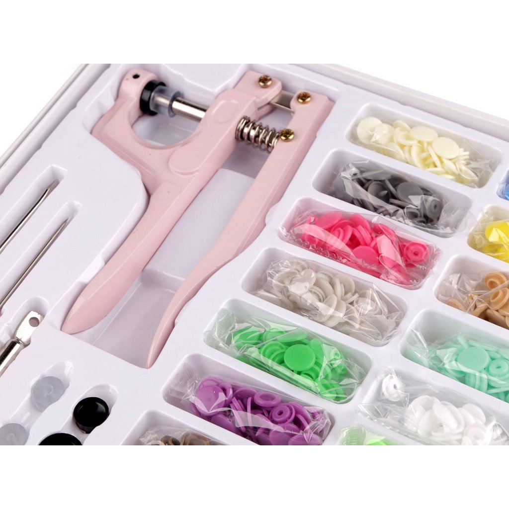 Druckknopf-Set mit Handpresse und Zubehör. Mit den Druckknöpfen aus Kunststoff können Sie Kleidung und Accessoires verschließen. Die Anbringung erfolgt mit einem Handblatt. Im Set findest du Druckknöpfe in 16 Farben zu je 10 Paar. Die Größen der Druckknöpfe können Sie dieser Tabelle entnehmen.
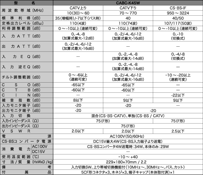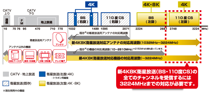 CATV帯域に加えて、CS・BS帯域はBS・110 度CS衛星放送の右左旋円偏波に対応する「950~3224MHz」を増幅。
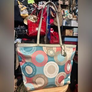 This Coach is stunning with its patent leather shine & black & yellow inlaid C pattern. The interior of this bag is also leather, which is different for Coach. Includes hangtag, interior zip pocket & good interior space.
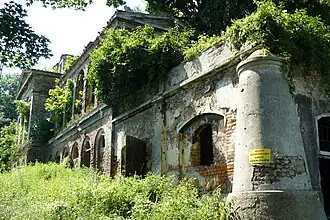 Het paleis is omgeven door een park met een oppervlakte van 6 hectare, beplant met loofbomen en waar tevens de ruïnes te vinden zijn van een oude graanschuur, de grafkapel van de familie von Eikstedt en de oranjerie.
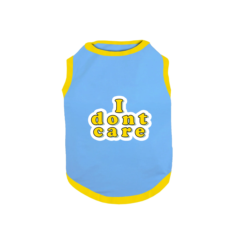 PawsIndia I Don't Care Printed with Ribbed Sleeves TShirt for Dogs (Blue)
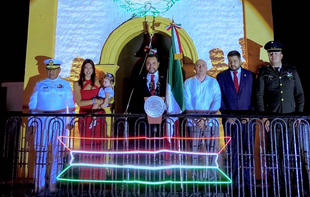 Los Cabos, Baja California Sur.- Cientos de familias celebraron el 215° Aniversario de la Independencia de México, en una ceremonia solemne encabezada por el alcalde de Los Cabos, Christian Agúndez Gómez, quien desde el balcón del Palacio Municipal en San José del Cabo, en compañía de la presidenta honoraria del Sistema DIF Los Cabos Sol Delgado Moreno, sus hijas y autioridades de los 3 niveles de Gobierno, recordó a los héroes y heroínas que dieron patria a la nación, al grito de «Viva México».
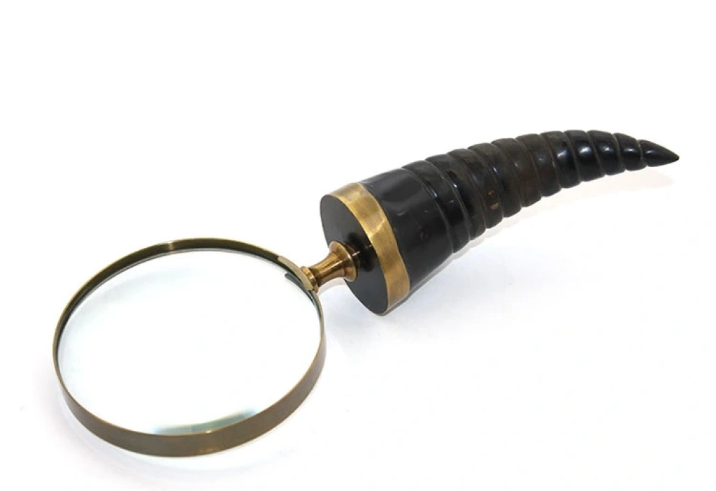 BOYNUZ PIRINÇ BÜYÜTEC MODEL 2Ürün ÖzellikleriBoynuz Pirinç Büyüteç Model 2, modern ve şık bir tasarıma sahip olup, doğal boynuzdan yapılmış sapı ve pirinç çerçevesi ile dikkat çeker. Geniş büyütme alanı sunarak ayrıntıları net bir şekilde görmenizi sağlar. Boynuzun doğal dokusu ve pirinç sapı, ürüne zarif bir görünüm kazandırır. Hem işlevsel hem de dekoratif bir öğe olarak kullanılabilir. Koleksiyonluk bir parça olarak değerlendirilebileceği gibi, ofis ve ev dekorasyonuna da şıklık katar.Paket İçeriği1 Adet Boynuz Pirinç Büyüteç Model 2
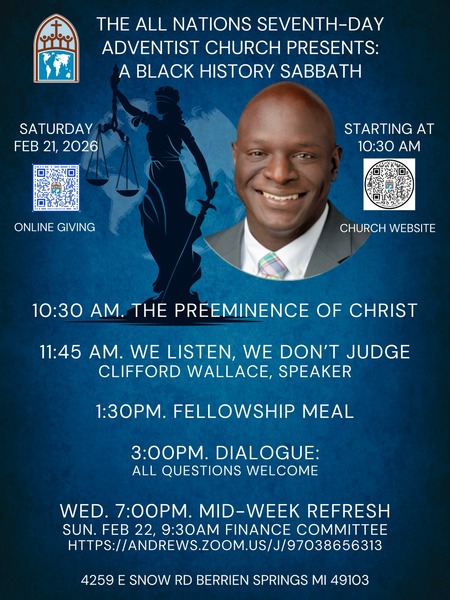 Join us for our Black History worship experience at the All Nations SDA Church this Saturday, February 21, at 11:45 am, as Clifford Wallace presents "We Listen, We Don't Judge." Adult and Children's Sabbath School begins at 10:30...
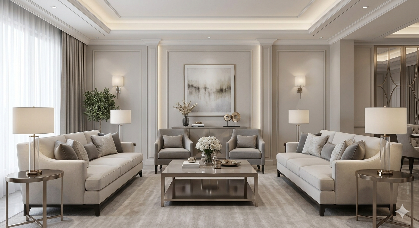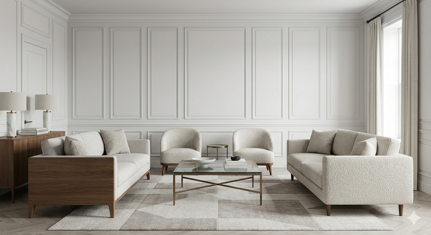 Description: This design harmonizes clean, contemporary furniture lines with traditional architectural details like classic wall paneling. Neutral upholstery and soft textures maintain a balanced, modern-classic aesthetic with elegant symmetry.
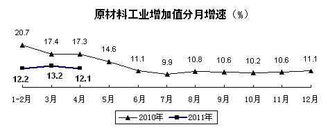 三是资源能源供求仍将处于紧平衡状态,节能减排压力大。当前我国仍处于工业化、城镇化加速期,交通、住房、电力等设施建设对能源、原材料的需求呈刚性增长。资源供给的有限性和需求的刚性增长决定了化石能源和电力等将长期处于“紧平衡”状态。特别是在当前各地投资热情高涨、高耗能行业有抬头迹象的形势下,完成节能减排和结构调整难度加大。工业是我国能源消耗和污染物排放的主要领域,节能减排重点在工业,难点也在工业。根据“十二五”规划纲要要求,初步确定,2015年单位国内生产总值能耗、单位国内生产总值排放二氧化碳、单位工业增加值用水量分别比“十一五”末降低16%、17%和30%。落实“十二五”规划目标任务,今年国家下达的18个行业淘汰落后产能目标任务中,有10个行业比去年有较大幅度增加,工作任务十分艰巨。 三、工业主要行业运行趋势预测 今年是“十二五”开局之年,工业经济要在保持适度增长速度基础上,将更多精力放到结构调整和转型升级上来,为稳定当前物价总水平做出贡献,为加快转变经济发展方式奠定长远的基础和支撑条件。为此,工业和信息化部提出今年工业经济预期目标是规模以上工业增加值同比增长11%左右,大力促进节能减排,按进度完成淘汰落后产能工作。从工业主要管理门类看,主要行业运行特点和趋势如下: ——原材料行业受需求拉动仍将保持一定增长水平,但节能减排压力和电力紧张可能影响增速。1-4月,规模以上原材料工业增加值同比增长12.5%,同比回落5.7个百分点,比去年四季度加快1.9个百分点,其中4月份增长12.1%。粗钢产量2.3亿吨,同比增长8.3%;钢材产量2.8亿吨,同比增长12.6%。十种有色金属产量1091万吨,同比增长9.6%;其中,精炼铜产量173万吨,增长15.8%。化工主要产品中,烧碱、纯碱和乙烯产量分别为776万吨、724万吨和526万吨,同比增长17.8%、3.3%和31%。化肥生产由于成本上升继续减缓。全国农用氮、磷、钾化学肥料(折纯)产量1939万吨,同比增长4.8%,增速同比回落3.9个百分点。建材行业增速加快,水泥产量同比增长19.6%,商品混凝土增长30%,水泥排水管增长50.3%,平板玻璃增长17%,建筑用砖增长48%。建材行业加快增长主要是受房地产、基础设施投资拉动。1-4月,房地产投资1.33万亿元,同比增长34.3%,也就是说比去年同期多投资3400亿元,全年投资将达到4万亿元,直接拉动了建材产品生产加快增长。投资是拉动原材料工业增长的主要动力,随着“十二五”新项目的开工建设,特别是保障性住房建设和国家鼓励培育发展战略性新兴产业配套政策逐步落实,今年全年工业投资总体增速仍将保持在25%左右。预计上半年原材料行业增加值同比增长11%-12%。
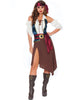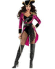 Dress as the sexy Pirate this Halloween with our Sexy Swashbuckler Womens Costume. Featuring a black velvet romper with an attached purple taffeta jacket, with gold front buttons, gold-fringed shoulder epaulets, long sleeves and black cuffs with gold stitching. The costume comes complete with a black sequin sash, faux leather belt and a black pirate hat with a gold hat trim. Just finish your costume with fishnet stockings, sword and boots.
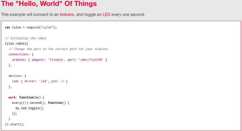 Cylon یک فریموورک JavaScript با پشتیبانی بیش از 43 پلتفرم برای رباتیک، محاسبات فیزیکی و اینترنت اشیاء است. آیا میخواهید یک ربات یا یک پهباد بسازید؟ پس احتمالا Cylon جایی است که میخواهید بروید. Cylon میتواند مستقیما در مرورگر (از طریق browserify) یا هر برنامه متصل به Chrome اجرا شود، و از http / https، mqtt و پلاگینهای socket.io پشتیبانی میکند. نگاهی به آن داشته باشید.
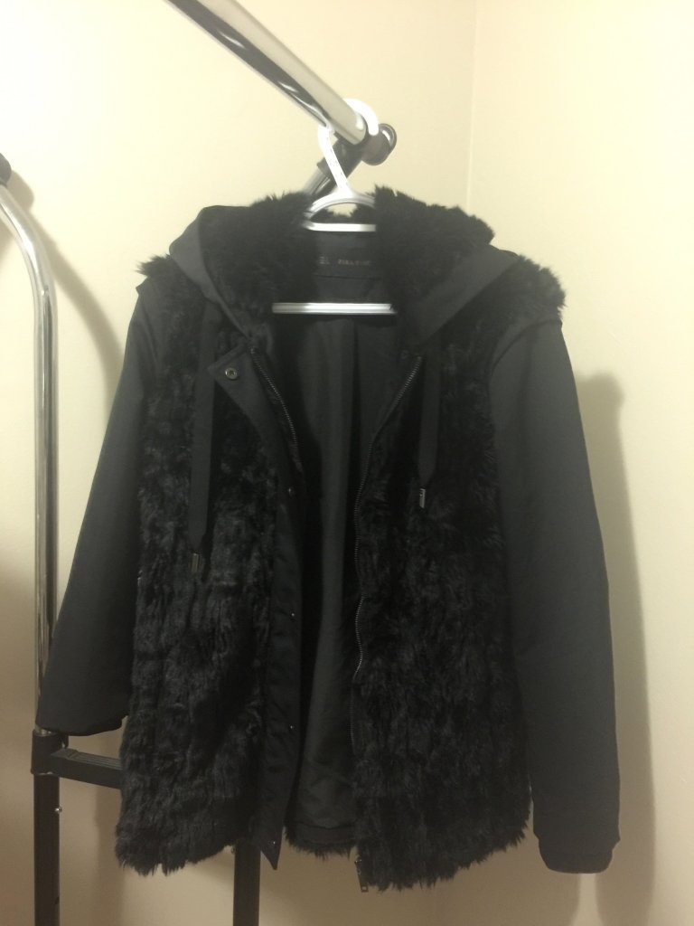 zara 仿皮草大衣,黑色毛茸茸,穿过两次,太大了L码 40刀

▶ Exercise instructions
An exact copy is required of the lines from the start of the records above through the line with "PawsIndia I Don't", and only those, without any pictures.

▶ Solved problem
 Druckknopf-Set mit Handpresse und Zubehör. Mit den Druckknöpfen aus Kunststoff können Sie Kleidung und Accessoires verschließen. Die Anbringung erfolgt mit einem Handblatt. Im Set findest du Druckknöpfe in 16 Farben zu je 10 Paar. Die Größen der Druckknöpfe können Sie dieser Tabelle entnehmen.
 CATV帯域に加えて、CS・BS帯域はBS・110 度CS衛星放送の右左旋円偏波に対応する「950~3224MHz」を増幅。
 This Coach is stunning with its patent leather shine & black & yellow inlaid C pattern. The interior of this bag is also leather, which is different for Coach. Includes hangtag, interior zip pocket & good interior space.
 Het paleis is omgeven door een park met een oppervlakte van 6 hectare, beplant met loofbomen en waar tevens de ruïnes te vinden zijn van een oude graanschuur, de grafkapel van de familie von Eikstedt en de oranjerie.
 PawsIndia I Don't Care Printed with Ribbed Sleeves TShirt for Dogs (Blue)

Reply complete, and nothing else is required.